The latest weapon in the armory of those fighting disinformation is the 2020 Interference Tracker.

It’s an interactive data visualization where you can query to study allegations of foreign meddling in the 2020 US election, and cross-reference that against a timeline.

FOR EXAMPLE: How many allegations of Chinese interference were made before Covid-19 became a thing? This tracker shows us the answer is none. From that, we can start to draw conclusions about the integrity of the allegations.

Other queries show us overwhelming trends of interference. I encourage you to poke around with the tool.

I had the chance this week to sit down with Matthias Stahl, a data visualization designer and bioinformatician, and Emerson Brooking, a resident fellow at the Digital Forensic Research Lab at the Atlantic Council, two members of the team that built Interference 2020.

We talked about their motivations for making the dataviz, what they wished they’d done differently, and what we as visual storytellers can do to help protect democracy.

And here’s how the chat went down…

TTW – To start, if you want to tell me, like what was the impetus to this, why did you decide to do it and what did you hope to achieve with it?

EB – Sure, I can start off – the intent of this project is really to contextualize this foreign interference issue. The fact is that it increasingly dominates U.S. political discourse, which is a big contrast with 2016, but there’s no way if you get keyed into one of these stories, there wasn’t an easy way to see previous instances of this taking place, or to sort by particular countries.

And also something we really wanted to communicate with this project is that – are these number of claims increasing? There’s sometimes less evidence or credibility being made in these accusations. And not only that, but some of these claims receive much more media attention than others. So this is an accounting of foreign interference claims, but it is specifically a study of the American media environment, and how these claims permeate the system – [and] which ones get attention, which ones don’t.

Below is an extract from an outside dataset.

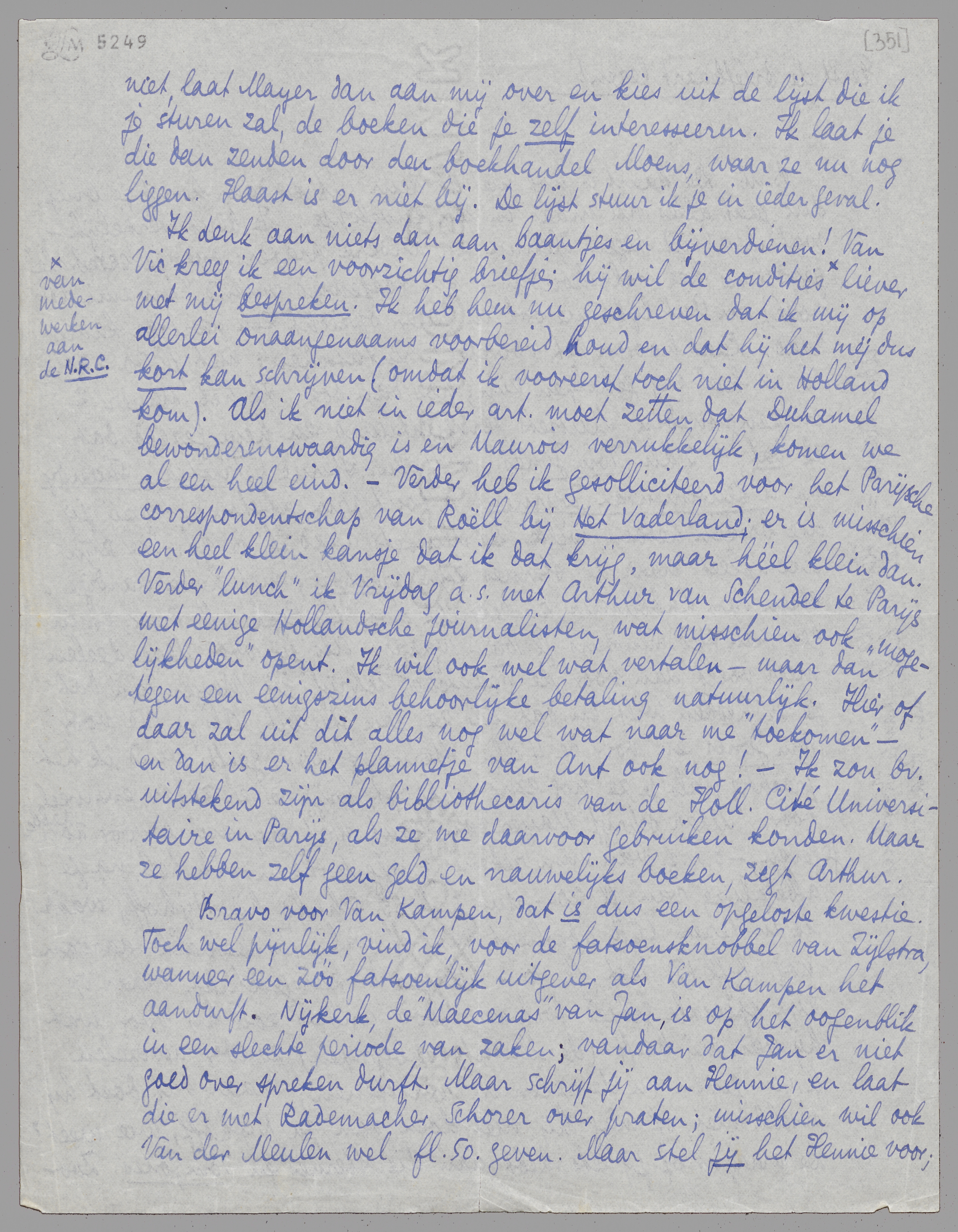 Ik denk aan niets dan aan baantjes en bijverdienen! Van Vic kreeg ik een voorzichtig briefje; hij wil de [condities van medewerken aan de N.R.C.] liever met mij bespreken. Ik heb hem nu geschreven dat ik mij op allerlei onaangenaams voorbereid houd en dat hij het mij dus kort kan schrijven (omdat ik vooreerst toch niet in Holland kom). Als ik niet in ieder art. moet zetten dat Duhamel bewonderenswaardig is en Maurois verrukkelijk, komen we al een heel eind. - Verder heb ik gesolliciteerd voor het Parijsche correspondentschap van Roëll bij Het Vaderland; er is misschien een heel klein kansje dat ik dat krijg, maar héél klein dan. Verder ‘lunch’ ik Vrijdag a.s. met Arthur van Schendel te Parijs met eenige Hollandsche journalisten, wat misschien ook ‘mogelijkheden’ opent. Ik wil ook wel wat vertalen - maar dan tegen een eenigszins behoorlijke betaling natuurlijk. Hier of daar zal uit dit alles nog wel wat naar me ‘toekomen’ - en dan is er het plannetje van Ant ook nog! Ik zou bv. uitstekend zijn als bibliothecaris van de Holl. Cité Universitaire in Parijs, als ze me daarvoor gebruiken konden. Maar ze hebben zelf geen geld en nauwelijks boeken, zegt Arthur.

And then to set the groundwork for something we really wanted to do was, as we took this dataset we were collecting, we wanted to ensure that we just didn’t do a world map where Russia was bright red, and maybe China and Iran.

It was very important that whatever design we came up with, users weren’t just landing on a map that would help [or] essentially reinforce all of the perceptions that we wanted to move past.

TTW – Interesting. So how did you decide on this kind of model for it?

MS – So you mean overall, how we did this? Yeah, so the DFRLab [the Digital Forensic Research Lab at the Atlantic Council] contacted me and they already had some imagination about how this should look like. So for example, they wanted to have a timeline where all these cases were put on, they wanted to have some kind of world map to show the sources. And yeah, I initially got the data and then I played a little bit around it.

And there was one thing which was, in the beginning, quite a challenge – and that was that a lot of cases are located very [closely] on the timeline. So like you have, I don’t know, a time range of three days, but you have like five or six or seven cases that you need to visualize there. So the first question was how to visualize that when you have a lot of cases clustering together so that it’s still easy and accessible for a user.

And another thing was having the timeline and the map. So that was initially thought to be on two different views or on two different pages of this website. And so I had the idea to just combine that to deliver the full picture because I thought it might be important to see everything on the same page, everything at first sight. And so, yeah, this is how I came up to put, like, the timeline on top and then on the bottom the map, and then just connect everything by these links or tails that cross, then the timeline and then indicate when this event has taken place or when it was attributed, actually.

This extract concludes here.